Arvo Paert is seriously helping me out here. The simplicity helps me to just be still for a while and breathe.


----------



## UniversalTuringMachine (Jul 4, 2020)

^ I have been listening to Arvo Part's Tabula Rasa multiple times for two weeks now and it has been a revealation.


----------



## HolstThePhone (Oct 11, 2015)

Tabula Rasa is amazing! The aussie chamber orchestra performed the first movement in isolation. I have no idea how mind you, I don't imagine it would be possible over Microsoft Teams :lol:


----------



## Olias (Nov 18, 2010)

I'm on day 60 for listening to a Haydn Symphony every day.


----------



## mbhaub (Dec 2, 2016)

Olias said:


> I'm on day 60 for listening to a Haydn Symphony every day.


Only one a day? And which recordings? I made myself listen to one DISK of Haydn symphonies per day a couple of years ago. I used the Fischer recordings on Nimbus in mp3 format - those were long, long listens.


----------



## Olias (Nov 18, 2010)

mbhaub said:


> Only one a day? And which recordings? I made myself listen to one DISK of Haydn symphonies per day a couple of years ago. I used the Fischer recordings on Nimbus in mp3 format - those were long, long listens.
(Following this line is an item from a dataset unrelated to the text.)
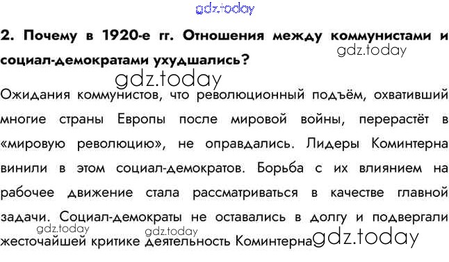 На страницах сайта gdz.today вы найдете учебный и вспомогательный материал, направленный на улучшения знаний школьной программы. ГДЗ - онлайн мир знаний Вопросы и задания Решение к §20 2 Учебнику по Истории для 11 класса Загладин, Петров Базовый уровень Русское слово Инновационная школа 2014

I've got the Fischer cycle although I'm loving the Haydn 2032 project on YouTube right now as well. I could do more than one (especially the early symphonies which are only about 12 minutes) but I wanted to follow the score and do an analysis of the form which sometimes requires multiple hearings. I figure I've got the time these days so I might as well.


----------



## Animal the Drummer (Nov 14, 2015)

I make sure I _don't_ listen to anything every day, my favourites especially. Different strokes for different folks, but I'd find that approach Route 1 to falling out of love with whatever it was.


----------